Florida Signature Match (2016)
Florida Democratic Party v. Detzner
Constitutional challenge to Florida’s vote-by-mail signature match law, which required election officials to reject a vote-by-mail ballot based a signature mismatch but failed to provide any opportunity to cure. We successfully obtained a preliminary injunction requiring the Florida Secretary of State to provide voters whose vote-by-mail ballots were rejected in the 2016 election based on an alleged signature mismatch an opportunity to cure. After this victory, the Florida Legislature amended the law to provide a statutory opportunity to cure vote-by-mail ballots.

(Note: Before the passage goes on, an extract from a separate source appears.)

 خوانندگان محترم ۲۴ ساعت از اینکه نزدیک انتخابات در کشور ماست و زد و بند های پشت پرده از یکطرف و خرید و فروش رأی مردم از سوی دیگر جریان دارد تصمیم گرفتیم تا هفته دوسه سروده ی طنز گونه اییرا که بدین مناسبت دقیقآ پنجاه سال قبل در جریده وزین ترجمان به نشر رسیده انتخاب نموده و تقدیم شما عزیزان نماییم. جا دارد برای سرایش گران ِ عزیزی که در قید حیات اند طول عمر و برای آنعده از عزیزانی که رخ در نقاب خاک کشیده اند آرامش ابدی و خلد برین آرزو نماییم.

Florida Hurricane Matthew Registration Deadline Extension
Florida Democratic Party v. Scott
Successfully obtained court-ordered extension of deadlines for voter registration following Hurricane Matthew. After Hurricane Matthew slammed into Florida on October 6, 2016, causing significant destruction and power outages throughout the state, then-Governor Rick Scott refused to extend the voter registration deadline and the deadline for local election officials to designate early voting sites. We filed an emergency lawsuit seeking an immediate injunction, requiring Governor Scott to extend the voter registration and the early voting site-designation deadlines. The court granted our motion and issued our requested emergency injunction in full, which required the State to extend all relevant deadlines.

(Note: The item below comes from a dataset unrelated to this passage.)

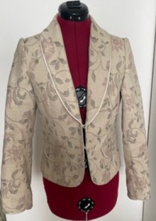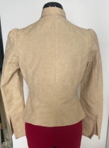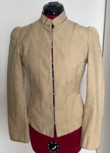 Ein Tageskleid mit ausgefallen Gagets, wie Lederapplikation und assymetrisch geschnittener Ausschnitt. Das Kleid ist (je nach Körpergröße) in Wadenlänge und hat seitlich einen Schlitz

Florida State Legislative Redistricting
In re Senate Joint Resolution of Legislative Apportionment 1176
State constitutional challenge to Florida’s state legislative districts. In 2012, the Florida Legislature passed Joint Resolution 1176, apportioning the state into 120 State House and 40 State Senate districts. The Attorney General was required by the Florida Constitution to file a petition in the Florida Supreme Court seeking a declaratory judgment to determine the validity of the redistricting plans. We filed an opposition on behalf of the Florida Democratic Party based on the plans’ failure to abide by the new state constitutional prohibition on partisan gerrymandering. While the Florida Supreme Court found the Florida House of Representatives plan to be constitutionally valid, it struck down the Senate plan as “rife with objective indicators of improper intent.”

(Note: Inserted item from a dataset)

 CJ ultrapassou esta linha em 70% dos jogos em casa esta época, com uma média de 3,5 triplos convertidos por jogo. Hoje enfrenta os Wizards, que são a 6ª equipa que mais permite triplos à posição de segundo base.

Florida Signature Mismatch (2018)
DNC v. Lee
Challenged Florida’s standard less process of rejecting mail-in and provisional ballots based on a perceived mismatch between the signature on the ballot and the signature in that voter’s registration record. After the district court granted a preliminary injunction and the Eleventh Circuit denied a stay of that injunction, Florida passed SB 7066, which, among other things, extends the deadline to cure vote-by-mail and provisional ballots to two days after the election; requires the Secretary of State to provide signature matching training to supervisors of elections and canvassing boards; and requires any signature mismatch determinations to be made by a majority of the canvassing board, subject to a “beyond a reasonable doubt” standard. SB 7066’s enactment mooted this litigation.